Post-war, Almonds continued to serve with distinction in the SAS, eventually retiring in the rank of major.
One of his many post-war achievements was to build, over four years, the 32-foot ketch he had designed in his head in solitary confinement. In 1960, without any navigational aids and two inexperienced crew, Almonds sailed the boat, called Kumasi, from Ghana, where she was constructed during a posting, to Lincolnshire. The 5,000-mile voyage took them nearly four months.
Almonds died on August 20, 2005, aged 91. Until being admitted to hospital, he had lived in the house in the Lincolnshire village of Stixwould in which he was born.
He was survived by his son, John, and twin daughters, Lorna and Gloria. All three served in the Army and John had a particularly distinguished military career, serving three times with the SAS. At her home in a Somerset village south of Bath, Lorna Almonds-Windmill, 78, an ex-Army captain, speaks affectionately of her father.
She decided to write his biography 30 years ago after learning from a former comrade that he had kept a wartime diary.
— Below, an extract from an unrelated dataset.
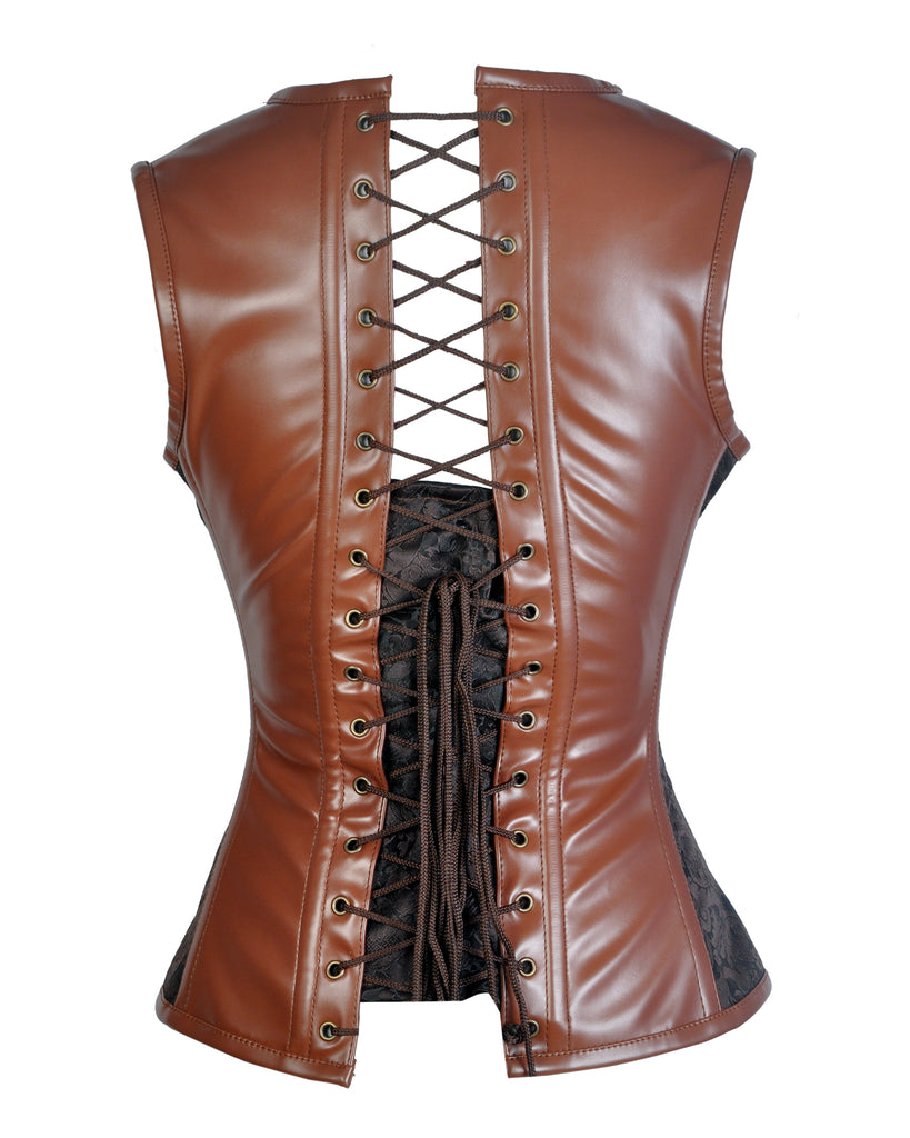- Coffee Brown & Faux Leather Steampunk Overbust Corset

Modest Almonds reluctantly agreed to be interviewed by his daughter about his wartime career. “My father was a man of few words,” she tells me. “He did not go to war to win medals but he did go to do his duty. He kept the diary for his wife, Iris May, who had a three-month-old baby son when he first went to war,” said Almonds-Windmill, a mother of two and grandmother of six.
Two of her grandsons, Jonah Bowden, 21, and his brother Caleb, 19, will appear as extras in the new series of SAS Rogue Heroes. Asked how she saw her father, Almonds-Windmill added: “It was only writing the books that made me really appreciate quite what an exceptional man he was. I felt as if I had been in the dug-outs and the deserts with him. Overall, however, it was more love than pride that I felt towards him.”